アウグストが部屋からいなくなれば、自然と二人での会話が始まった。
「こちらでの生活は……どうですか」
「問題ありません」
穏やかな問いかけに、短く答える。
「聖女としての仕事はどつでしょうか」
「役割は、十分に果たせていると考えます」
それも事実。
テオドールからは感謝はされているし、カイルをはじめとする者たちとも少しずつだが、良い関係を築けていると思っていた。
「第二王子殿下との関係はどうですか」
「可もなく、不可もなくといったところでしょうか。今のところ嫌われてはいないと思います」
神官は安心したように息をついた。
「仕事ぶりは問題なさそうですね。よかった……」
その言葉に、ほんの少しだけ心が緩む。
その瞬間――感覚でわかる。
「……お疲れでしょう」
神官が手を差しのべる。それは、神殿にいた頃はそうしているのが当たり前だったもの。
反射的に、そっと、腕に触れる。そのまま。自然に、距離を詰めると、そっと抱き寄せられる。
「……っ」
そして――じわり、と。流れ込んでくる。
……やっぱり穏やかで、安定した力。
満たされていく。神官の手が、わずかにこちらの背に触れる。

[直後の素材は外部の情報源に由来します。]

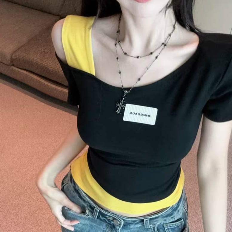3色/ラインワンショルクロップドトップス ・12610

それを拒む必要はない。
「……聖女様」
そう呼ばれると、少しだけ、熱を帯びた声。
お互いの顔が近づいたそのとき。
「――なるほど」
静かな声が、背後から聞こえた。
アウグストが、淡々と告げる。
「供給元を固定せず、分散させている」
その言葉は評価するようで棘があったが、わたしの行動を言い当てていた。
「消耗のリスクも抑えられる――」
正しい力の使い方を確認するように。
「……はい」
その通りだから、否定しない。
アウグストは、わずかに口元を緩めた。
「想定以上ですね」
その言葉は今日の中で一番明確な評価だった。けれど、違和感を覚えたのは、話し方の語尾がいつもより丁寧であったこと。まるで誰かに同意を求めるように奥を見たことで、嫌な予感が強くなる。
アウグストが戻ってきたということは、用事が終わったということだ。視線が、わずかに横へ流れると、いつからいたのか、テオドールが扉の近くに、立っていた。
何も言わない。その目は――さっきの光景を、確実に捉えていた。